Mas, em termos práticos, o que deve fazer um gestor público se receber uma fatura em desconformidade? “O mais sensato será seguir um mecanismo que está definido no Código dos Contratos Públicos quando uma obrigação no contrato não é cumprida de forma correta, notificamos para o cumprimento e só quando for emitida uma fatura conforme iremos proceder ao pagamento. Esta é uma conduta legal e em última instância aconselhável”, explica Bernardo Cid.

A visão das entidades públicas e os desafios para as PME

Na perspetiva de Tiago de Melo, vogal do Conselho Diretivo da eSPap, entidade responsável pela coordenação da Fatura Eletrónica na Administração Pública, admite que foi um desafio corresponder às normas europeias com regras muito exigentes. A pergunta que se impôs foi: Como vamos executar uma solução complexa da forma mais simples possível? Com esta questão em mente, os responsáveis desenharam a estratégia para uma plataforma digital de faturação eletrónica, que permitiu alterar a forma como os fornecedores do Estado emitem as suas faturas e como o Estado as recebe e trata, dando um passo em frente na digitalização da administração pública.

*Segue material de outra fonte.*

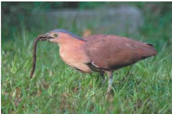
Adult male in breeding plumage
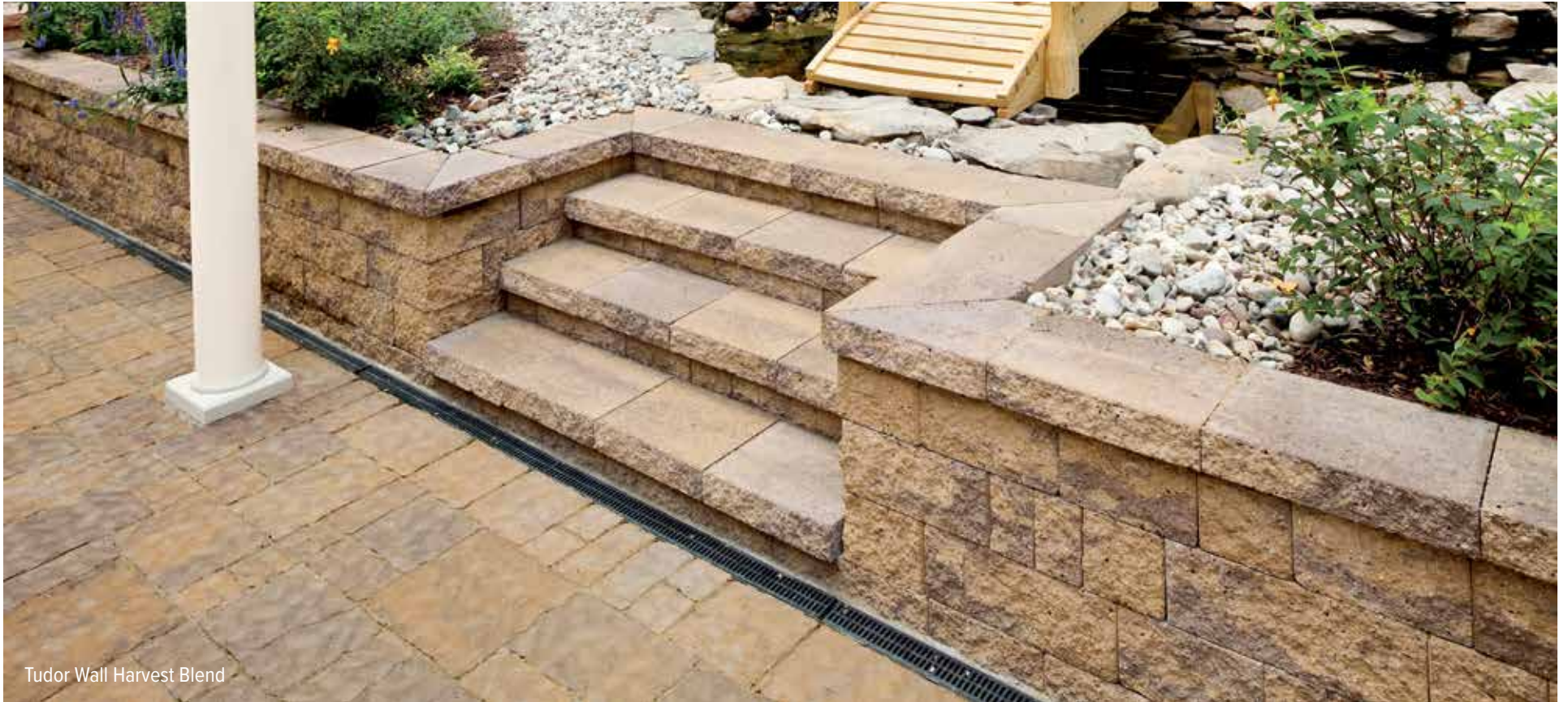
Tudor Wall Harvest Blend
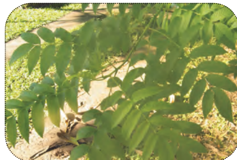
The leaves of the yellow trumpet bush.

sandy and cleared areas of land. It also quickly establishes itself on creek banks and riparian areas where it forms dense monocultures.
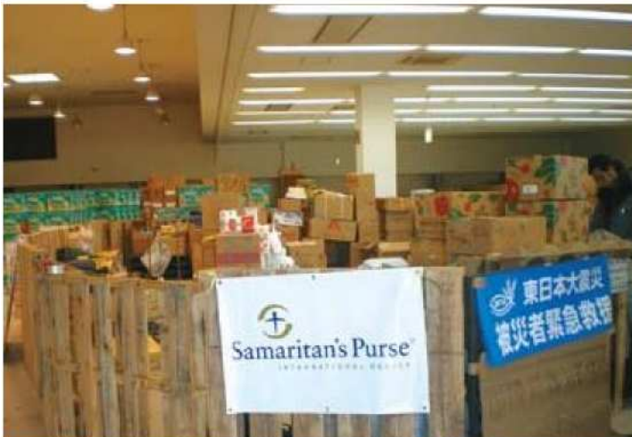
Relief goods came from all over the world
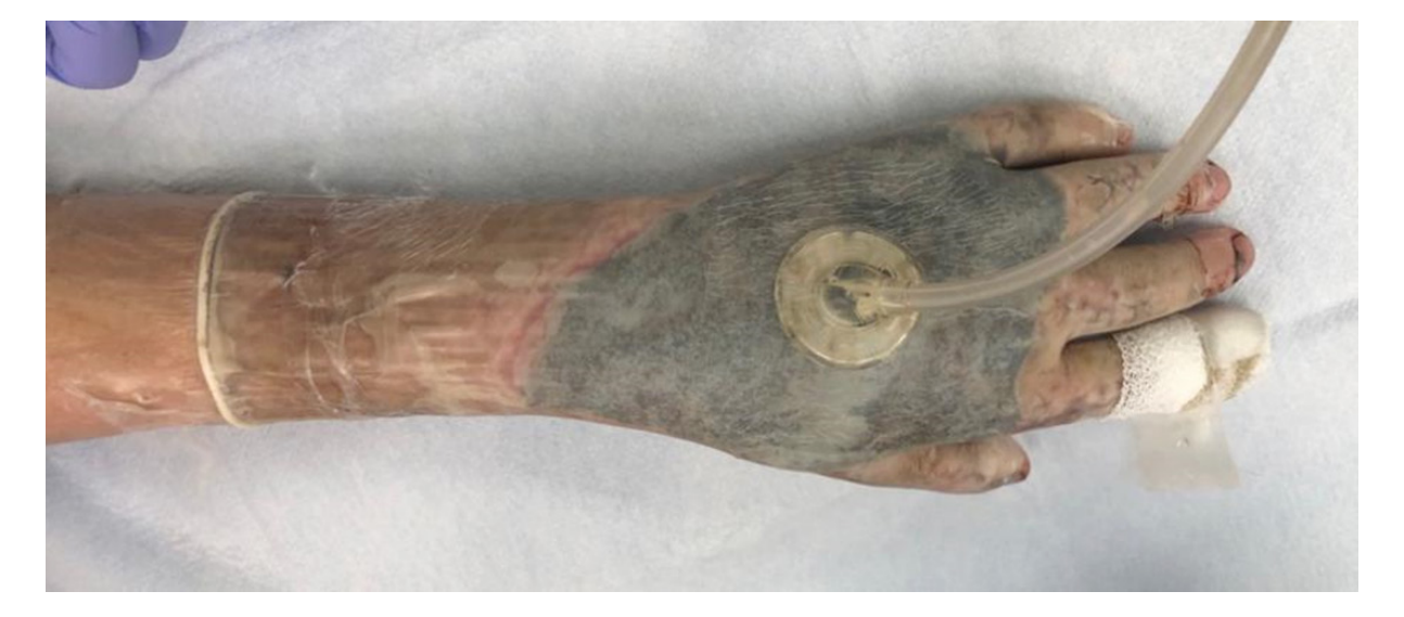
Figure 1. Negative pressure wound therapy can be used despite difficult-to-seal webspaces with the use of a sterile surgical glove

made at this step to minimize the wound dimensions and/or depth. This often requires multiple trips to the operating room for serial debridement, particularly in the case of farming injuries or motor vehicle accidents with significant environmental debris, as the extent of contamination and devitalization may not be immediately evident at the index procedure.
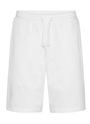
TIGER COTTON SWEATSHORTS 100% ORGANIC COTTON IN CONVERSION 300 GSM
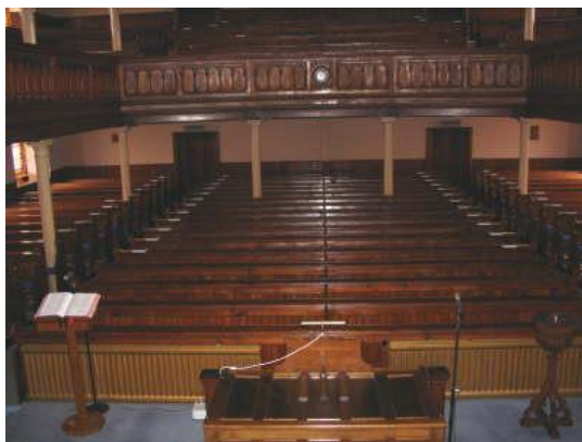
View from pulpit of central pews and gallery
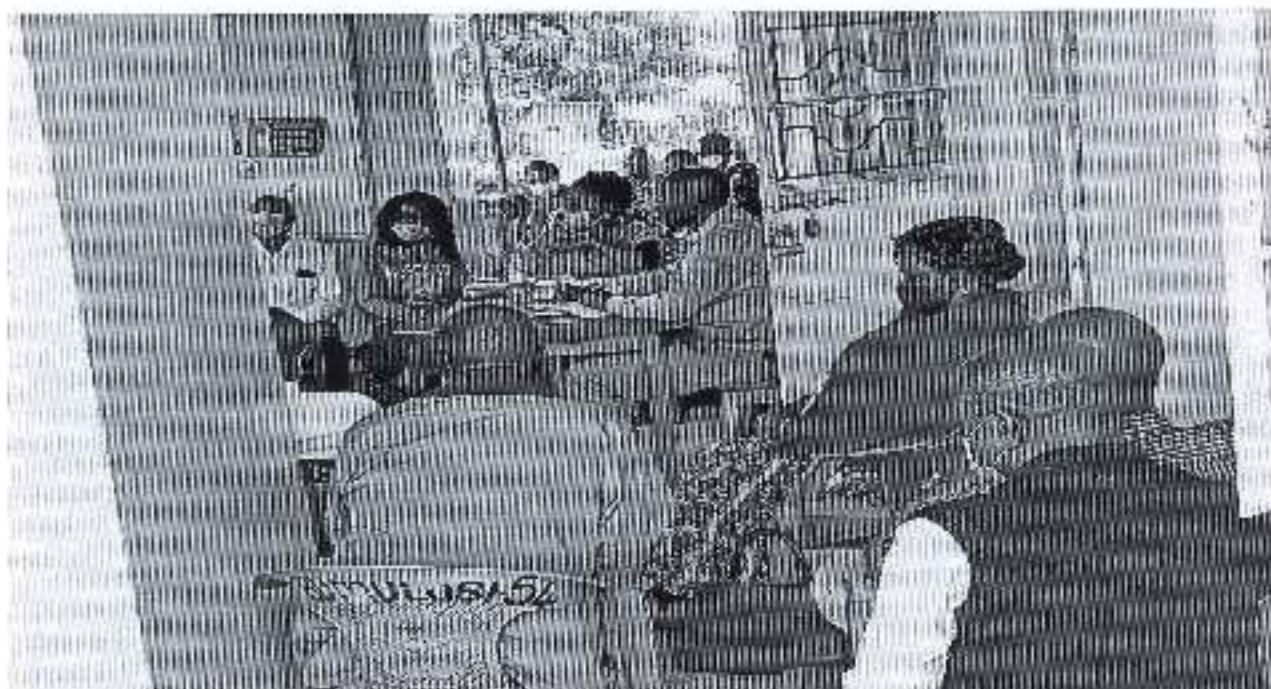
Bunyala Central Ward
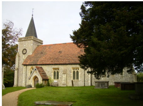
St Leonard's Chelsham
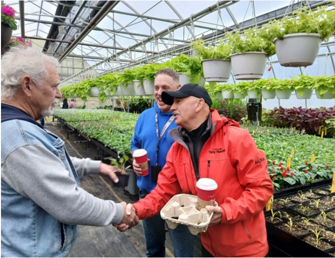
Dartmouth Greenhouse Open House

Para quem trabalha no terreno são os detalhes que fazem toda a diferença. Hernani Duarte, do Centro Hospitalar de Lisboa Ocidental (CHLO), refere que basta um pequeno erro, por exemplo nos lotes ou prazos de validade, para existir um grande problema. Por isso, a fluidez e o rigor da informação facilitados pela faturação eletrónica tornam-se fundamentais para minimizar os erros. “A complexidade nos hospitais é grande, porque lidamos com vidas humanas, um erro num documento que atrasa dois ou três dias a entrega de um artigo pode colocar uma vida em risco”, garante o Diretor Logístico do CHLO, em declarações ao JE LAB.

Para João Paulo Anjos, chefe da Divisão de Gestão Financeira da Câmara Municipal de Anadia, a desmaterialização tem enormes vantagens, embora abolir o papel não tenha sido fácil, em especial para os “colaboradores com muitos anos de serviço”, mas com a estratégia de envolver, motivar e incluir todos como parte da mudança foi possível alcançar o sucesso. O dirigente afirma ainda estar preocupado com a questão da cibersegurança. A visão é partilhada por Marcelo Delgado, da Associação dos Trabalhadores da Administração Local: “Estamos convictos de que a faturação eletrónica é uma boa solução além da lei, mas estamos preocupados com a segurança das operações eletrónicas”.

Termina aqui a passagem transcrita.